#### [What needs to be done]
Below is a listing to copy exactly; no image goes into the copy.

#### [Dataset section]
- Opening Delimiter -

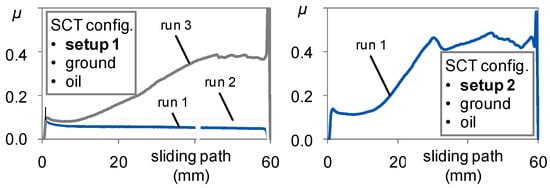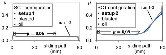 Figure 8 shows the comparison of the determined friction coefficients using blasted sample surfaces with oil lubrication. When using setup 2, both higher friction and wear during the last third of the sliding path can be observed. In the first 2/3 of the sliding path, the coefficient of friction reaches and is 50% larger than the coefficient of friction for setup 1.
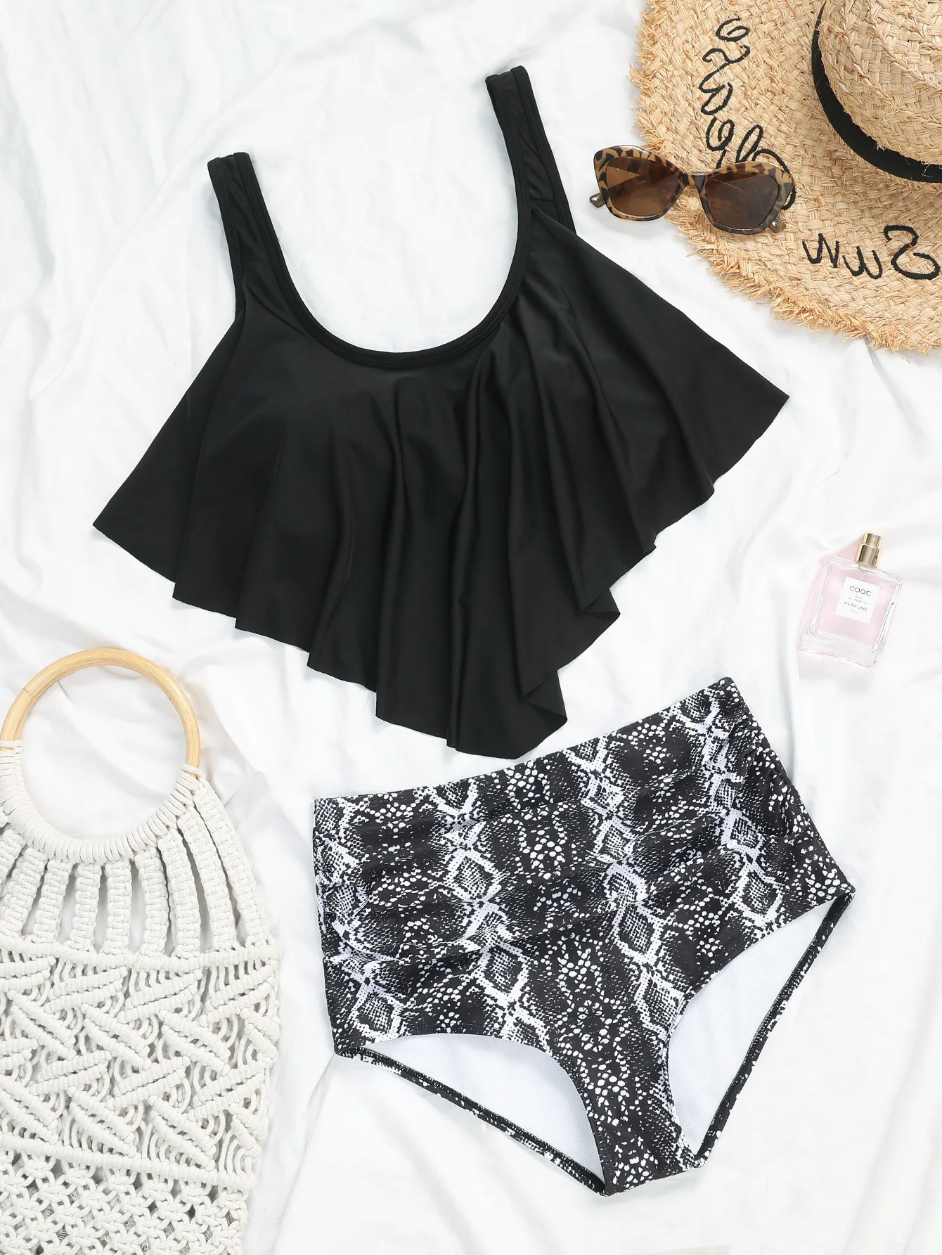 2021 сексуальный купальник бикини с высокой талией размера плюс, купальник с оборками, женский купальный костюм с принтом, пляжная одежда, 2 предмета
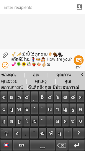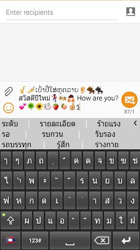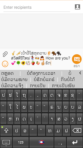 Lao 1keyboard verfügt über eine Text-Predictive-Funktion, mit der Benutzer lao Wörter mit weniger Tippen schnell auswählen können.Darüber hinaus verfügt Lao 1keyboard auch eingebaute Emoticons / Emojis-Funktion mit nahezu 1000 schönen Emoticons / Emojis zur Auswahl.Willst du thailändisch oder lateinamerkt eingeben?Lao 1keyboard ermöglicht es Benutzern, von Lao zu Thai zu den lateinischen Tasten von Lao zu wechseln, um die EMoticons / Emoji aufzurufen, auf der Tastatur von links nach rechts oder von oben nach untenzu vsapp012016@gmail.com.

- Closing Delimiter -

#### [Task answer]
 Figure 8 shows the comparison of the determined friction coefficients using blasted sample surfaces with oil lubrication. When using setup 2, both higher friction and wear during the last third of the sliding path can be observed. In the first 2/3 of the sliding path, the coefficient of friction reaches and is 50% larger than the coefficient of friction for setup 1.
 2021 сексуальный купальник бикини с высокой талией размера плюс, купальник с оборками, женский купальный костюм с принтом, пляжная одежда, 2 предмета
 Lao 1keyboard verfügt über eine Text-Predictive-Funktion, mit der Benutzer lao Wörter mit weniger Tippen schnell auswählen können.Darüber hinaus verfügt Lao 1keyboard auch eingebaute Emoticons / Emojis-Funktion mit nahezu 1000 schönen Emoticons / Emojis zur Auswahl.Willst du thailändisch oder lateinamerkt eingeben?Lao 1keyboard ermöglicht es Benutzern, von Lao zu Thai zu den lateinischen Tasten von Lao zu wechseln, um die EMoticons / Emoji aufzurufen, auf der Tastatur von links nach rechts oder von oben nach untenzu vsapp012016@gmail.com.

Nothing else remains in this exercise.